Mermaid Marine Australia (MRM)
Earnings per share rose 31 per cent on the previous corresponding period after a 26 per cent increase in revenue. Margins improved in the supply base and vessels divisions. Four vessels have been operating in Angola since September 2008, where lower labour costs have translated to greater profitability. Demand remains strong due to increasing drilling activity in the Browse Basin, and stgelopment of Woodside’s Pluto project due to start in the second half of 2009.
The ASX has a strong balance sheet and near monopoly position in the Australian equity and derivatives market. Despite the worst trading conditions for several years, normal profit after tax fell only 8.2 per cent to $171.9 million, highlighting the company’s strong franchise. Trading volumes were down and so were initial public offerings. This was partially offset by an increase in secondary raisings via placements, rights issues and share purchase plans. When market sentiment improves, trading volumes will recover.

Jabiru Metals (JML)
The Jaguar base metal project is now operating at full production.

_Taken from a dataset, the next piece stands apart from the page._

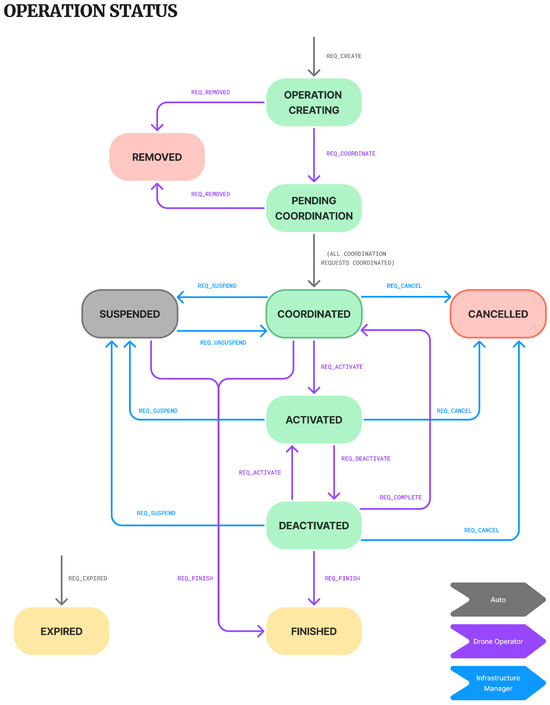 A coordination request is the key object enabling infrastructure managers to track the coordination process with drone operators. Each coordination request is defined by a unique identifier, a reference to the corresponding operation request (enabling access to the drone operator information and the operation details), and references to each corresponding infrastructure manager (to encapsulate general restrictions) or to each particular infrastructure (to encapsulate the specific restrictions associated to each infrastructure).

The company has closed out some of its hedge book and repaid all bank debt. Jabiru is better positioned than some, but margins are thin at current commodity prices. Upside exists if new reserves can be added.
Minara Resources (MRE)
Despite cost reduction initiatives, the company will struggle until the nickel price improves. After a recent rights issue, Glencore has emerged with a 70.6 per cent shareholding, and has a 40 per cent direct interest in the Murrin Murrin project. While Glencore will probably support the company through a low nickel price environment, it’s unlikely Minara will receive any corporate attention from outside parties.
Kargara (KZL)
Kagara has $50 million of debt maturing in June and another $100 million maturing in November. This zinc and copper company has already closed out its copper hedges, and had a small capital raising. A lower commodity price environment means thinner margins. Kagara may have to sell a project or two, such as Lounge Lizard or Admiral Bay, to reduce debt, but it’s unclear what these projects would fetch in the current climate.